As shown in FIG. 6, each second memristor comprises the first end 601 and the second end 602. The first ends 601 of the second memristors located in the p-th row are connected to the p-th third signal line, and the second ends 602 of the second memristors in the q-th column are connected to the q-th fourth signal line. p is an integer greater than or equal to 1 and less than or equal to P, and q is an integer greater than or equal to 1 and less than or equal to Q. The third signal line is, for example, a source line, and the fourth signal line is, for example, a bit line.
As shown in FIG. 6, for example, P equals 3 and Q equals 42. In this embodiment, 42 fourth signal lines are used to receive the plurality of feature values. 3 third signal lines are used to output the Multiply-Accumulate result calculated by the second memristors in each row.
In an embodiment of the present disclosure, for example, the output of each row represents a state classification. For example, in an application scenario for analyzing the state of the brain nervous system, for example, the output of the first row, the output of the second row and the output of the third row respectively represent the probability that the initial neural signals are the normal signals, the probability that the initial neural signals are the interictal signals and the probability that the initial neural signals are the ictal signals.
It should be noted that, the neural network array shown in FIG. 6 is only an example, and embodiments of the present disclosure comprise, but are not limited to this. For example, the first end of the second memristor is connected to a bit line, and the second end is connected to a source line.

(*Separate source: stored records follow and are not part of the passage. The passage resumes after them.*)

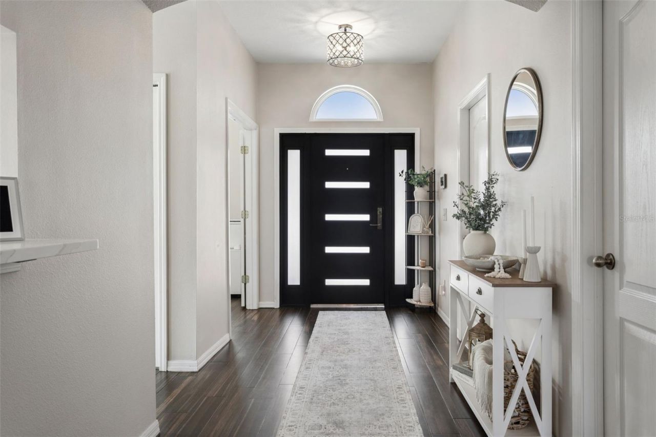 24833 Panacea Drive - Exceptional updated 4-bedroom, 2-bath home with an office (or potential 5th bedroom) on a quiet cul-de-sac in Lutz. Offered under $450,000, this move-in ready residence features superb curb appeal, an extra-long driveway, no CDD, and a low HOA of $245/year. The brick paved entrance greets you with a contemporary hurricane rated front door into the expansive foyer into an open floorplan with a formal dining area flowing into the family room. The renovated kitchen is adjacent to the dining room and boasts stainless steel appliances, white cabinetry, sleek quartz countertops, a farmhouse sink, and ample workspace. Throughout the home you'll find espresso wood-look plank tile, neutral walls, and upgraded lighting.The split-bedroom layout provides privacy: two bedrooms share an updated guest bath with quartz counters, a third bedroom is ideal for guests or a playroom, and the primary suite occupies its own wing. The primary bedroom offers generous proportions, a walk-in closet, and an updated bathroom with dual vanities, quartz counters, a freestanding soaking tub, and a walk-in shower. A French door from the primary bath leads to a screened patio-perfect for a future pool bath addition. Additional highlights include a 2022 roof, hurricane-impact windows and doors, security system, indoor walk-in laundry room, and a fully fenced, private backyard with no rear neighbors. Convenient to Tampa Premium Outlets, I-75, dining and shopping. Contact the listing agent today for a private showing.
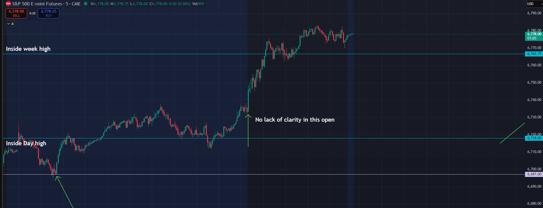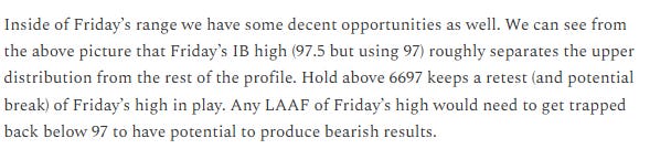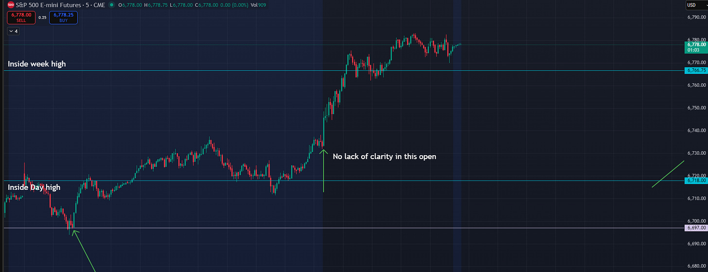 Today opened on a true gap up (see the starter kit) and there was no lack of clarity in the 5-minute opening range (see the starter kit). A sustained break of Friday’s inside day (we gap opened above it) targeted last week’s (an inside week) high. Sustaining above the inside week high (we’ll find out tomorrow) targets the top of the mother bar.
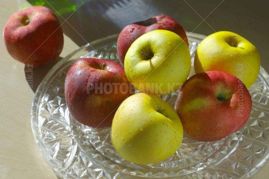 Few apples at the crystal dish

In some embodiments of the present disclosure, the conversion device in the decoding sub-circuit is further configured to obtain the inverse feature values of the plurality of feature values. In this embodiment, the plurality of second memristors located in the same row are divided into a plurality of second memristor pairs, each second memristor pair corresponds to one element in the weight matrix. For example, one second memristor in each second memristor pair is used to receive a pulse signal of one selected feature value of a plurality of feature values, and the other second memristor in the second memristor pair is used to receive a pulse signal of the inverse feature value corresponding to the selected one feature value.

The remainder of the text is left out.